(O)nce you prorogue Parliament it's not as easy to start it up again as it is after a normal recess.It would be particularly rich for the Cons to leave Parliament unable to quickly respond to an emergency at the same time that they're trying to take credit for a "strategy" to better deal with threats.
"After you prorogue there is a rather elaborate procedure that includes a throne speech before you can come back into session," Liberal House Ralph Goodale told PoliticsWatch.
Goodale said if the government were to prorogue and there was a crisis this summer, such as a transportation strike, the government could not just call Parliament back on one day's notice.
"They would have to have a throne speech, the official opening of Parliament and the throne speech of (sic) debate before they can get to whatever emergency debate might come up."

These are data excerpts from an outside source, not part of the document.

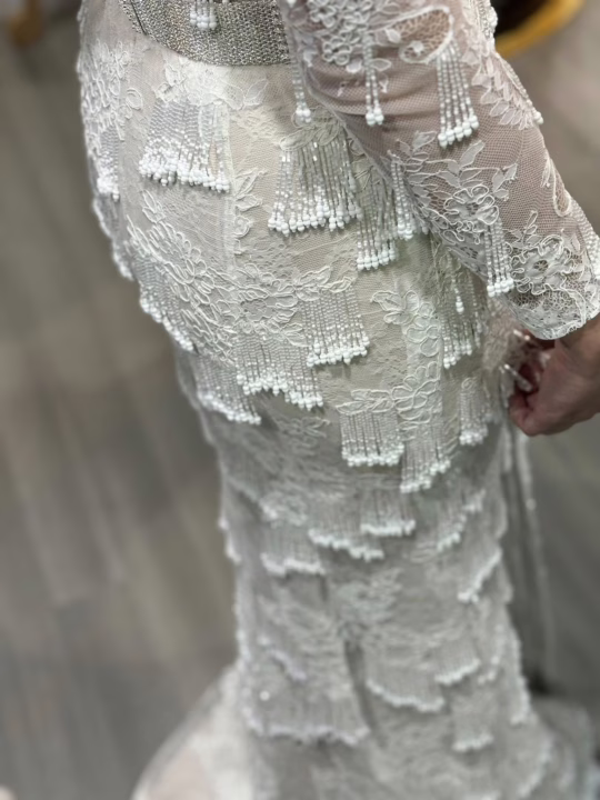 ดีเทลเด่นของชุดนี้คือ 𝖿𝗋𝗂𝗇𝗀𝖾 ลูกปัดสีขาวนับหมื่นเม็ด
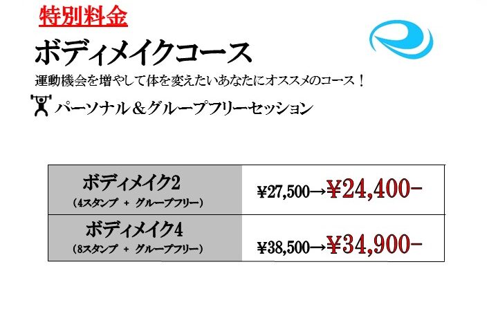 ●ボディメイク4 パーソナル月4回+グループフリー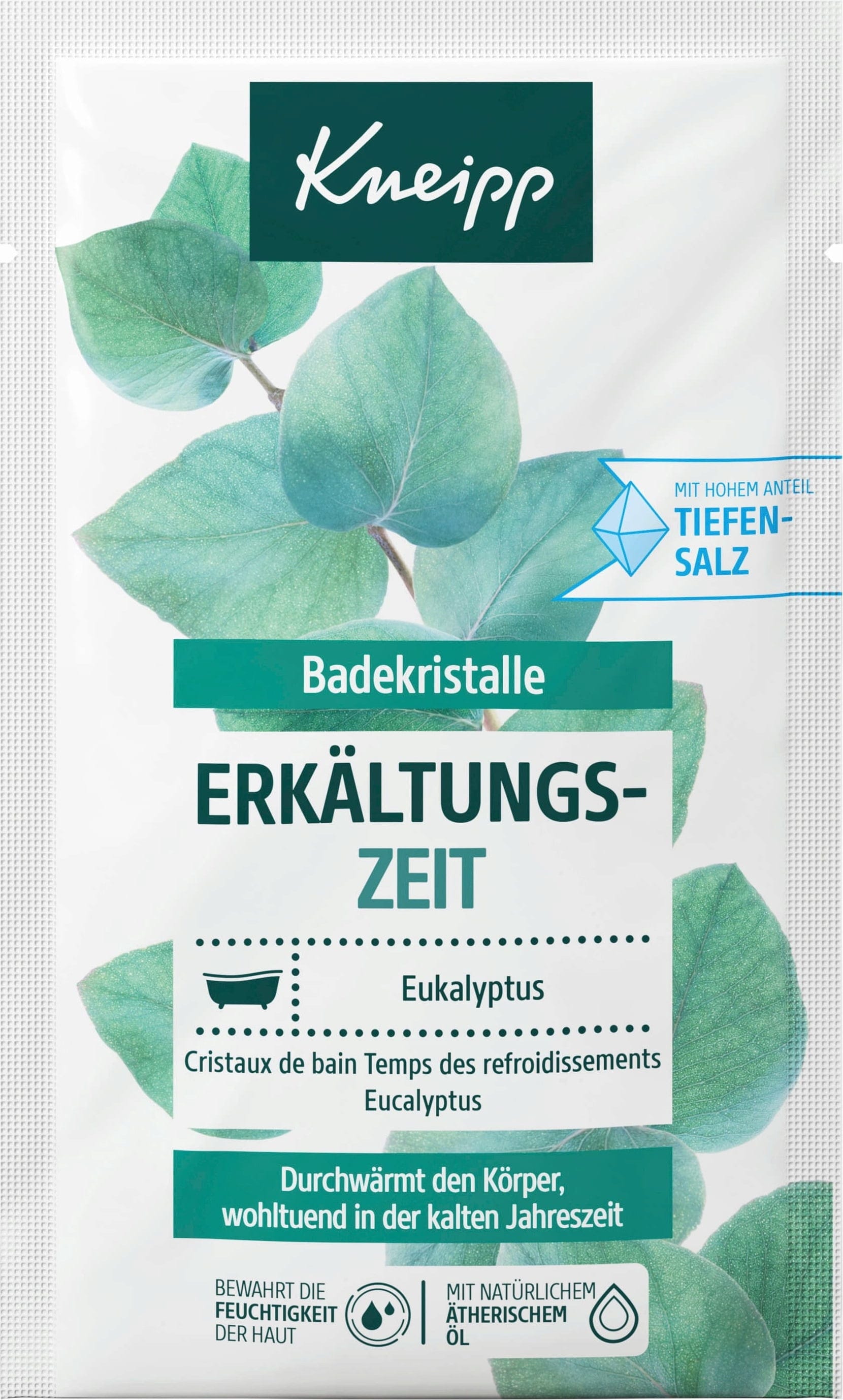 Les cristaux de bain Kneipp "Temps de refroidissement" contiennent de la précieuse huile essentielle d'eucalyptus qui, lorsqu'elle est dissoute dans l'eau, diffuse un parfum clair et frais. La forte teneur en sel profond naturel, extrait à 460 mètres de profondeur de la saumure d'une mer primitive vieille de 250 millions d'années, garantit une expérience de bain particulière dans tes propres murs. La formule douce aide en outre ta peau à conserver son hydratation - idéal pour tous ceux qui aspirent à un moment de bain avec une fraîcheur naturelle.

With aboriginal groups and now labour groups make (sic) warnings about a summer of protest and discontent, coupled with the normal unforeseen problems that could arise in today's dangerous world, a decision by Prime Minister Stephen Harper to prorogue to put the brakes on his party's rough few weeks in Parliament is a gamble.
But then, it isn't yet confirmed that the Cons will actually be so reckless as to prorogue Parliament. And hopefully they'll realize that the potential negatives of prorogation far outweigh any minimal political benefit which the Cons could acquire by shutting down the current session ahead of schedule.